The substrate was installed into a plasma CVD apparatus shown in Fig. 6, a translucent mask 402 is equipped between a substrate 403 and an infrared lamp 401 for heating the substrate, and the temperature of the substrate was 300°C but was adjusted so as to periodically provide a region of 350°C in the form of
a lattice. The periodic interval was set to about 5 mm. Among the cyclic intervals, about 2 mm was set as a high-temperature region. After the inside of a chamber 400 was sufficiently exhausted, 20 seem of SiF gas and 35 seem of H2 gas were introduced into the chamber 400. A sequence that SiF4 gas was introduced for 10 seconds and stopped for 30 seconds is repeated. H was constantly introduced. After the internal pressure of the chamber was set to 13 Pa, 100 W of a VHF power was applied to form a film. Those conditions are one example, and largely ' different depending on the configuration of the chamber. What is important is conducting deposition at different temperatures under the conditions an amorphous silicon film and an epitaxial layer that reflects the information of an underlaying substrate can be formed. In this way, a buffer layer with 10 nm in thickness was formed. In the apparatus shown in Fig. 4, reference numeral 400 denotes a chamber, reference numeral 401 denotes an infrared lamp for heating the substrate, reference numeral 402 denotes a translucent mask, reference numeral 403 denotes a substrate, reference numeral 404 denotes a cathode electrode, reference numeral 405 denotes a matching box, reference numeral 406 denotes a VHF power supply, reference numeral 407 denotes a pressure sensor, reference numeral 408 denotes a pressure gauge and a
valve open/close control device, reference numeral 409 denotes an automatic open/close valve, reference numeral 410 denotes a thermo couple, reference numeral 411 denotes a gas jet outlet, reference numerals 412, 413 and 414 denote gas flow rate control devices, respectively, reference numerals 415 to 420 denote valves, respectively, and reference numeral 421 denotes a substrate holder.

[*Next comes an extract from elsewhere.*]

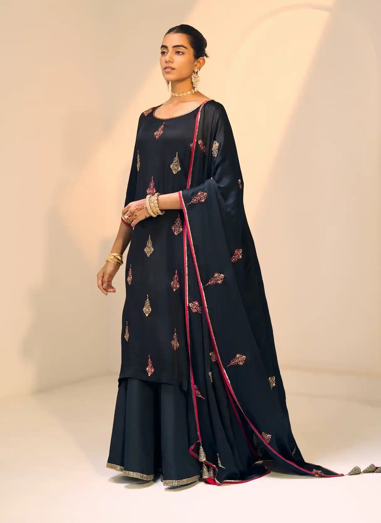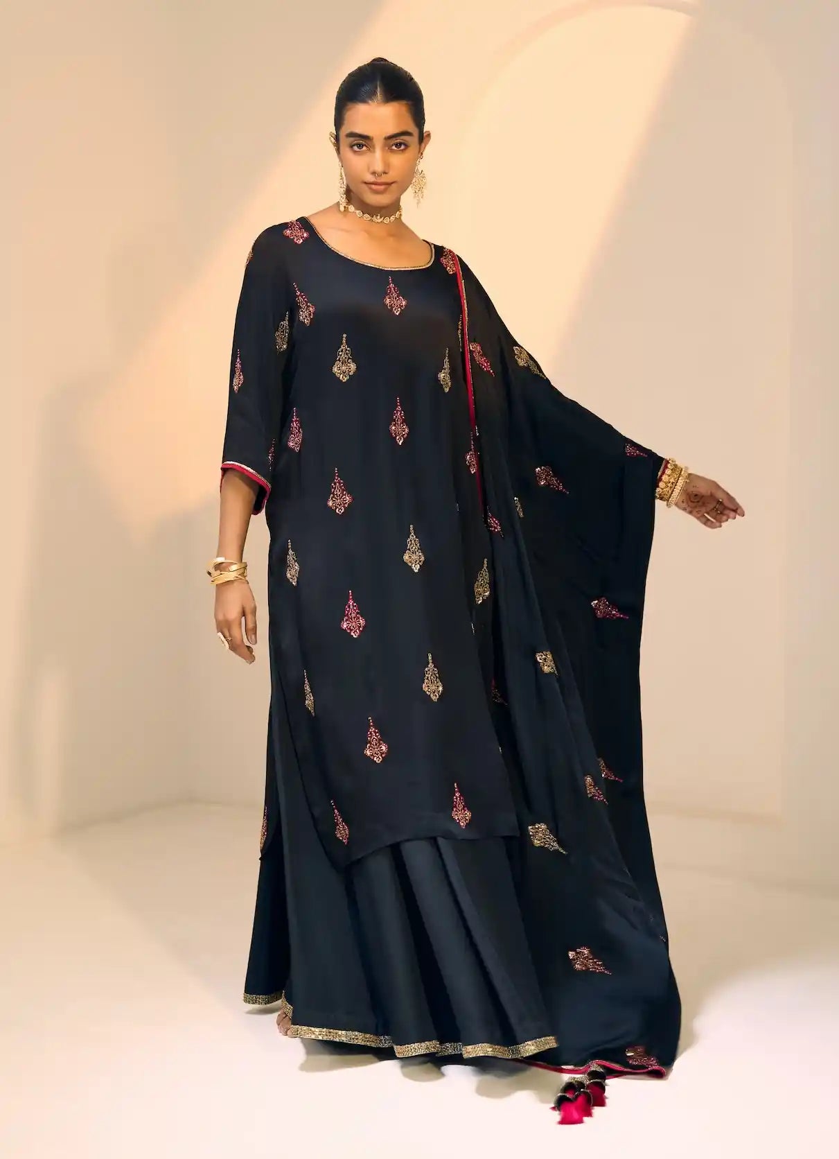 Elevate your wardrobe with the black chavi kurta set, a quintessential blend of elegance and sophistication. Crafted from sumptuous satin georgette, the kurta features a deep black hue that radiates timeless charm, making it the perfect choice for both formal events and intimate gatherings. Paired with sleek satin silk pants, this ensemble offers a comfortable yet chic silhouette that flatters every figure. The matching satin georgette dupatta adds a touch of refinement and versatility, ensuring you exude grace on any occasion. Step into confidence with the black chavi kurta set—a true statement piece that defines your style.

Then, the sample was moved to another chamber of the same configuration, and the temperature of the substrate was set to 350°C. After the inside of the chamber was sufficiently exhausted, 20 seem of SiF gas, 35 seem of H2 gas and 10 seem of PH3 (PH3/H = 1%) gas were introduced into the chamber. After the internal pressure of chamber was set to 13 Pa, 100 W of the VHF power supply was applied to form the film. In the gas introduction sequence, (1) SiF4 and H2 introduction and PH3 stop for 10 seconds, (2) PH3 and H2 introduction and SiF4 stop for 10 seconds, and (3) only H2 introduction for 40 seconds were repeated. Those conditions are one example and largely different depending on the configuration of the chamber, etc. In this example, there are two important points. That is, (1) a flat polycrystalline film is formed on a buffer layer with a crystal phase of the buffer layer as the seeds. (2) The sheet resistance of the polycrystalline film
can be set to 500 Ω or lower with the thickness of 150 nm. Also, in order to prevent a current from being leaked at the end surface, the peripheral portion was masked for isolation at the time of forming the film.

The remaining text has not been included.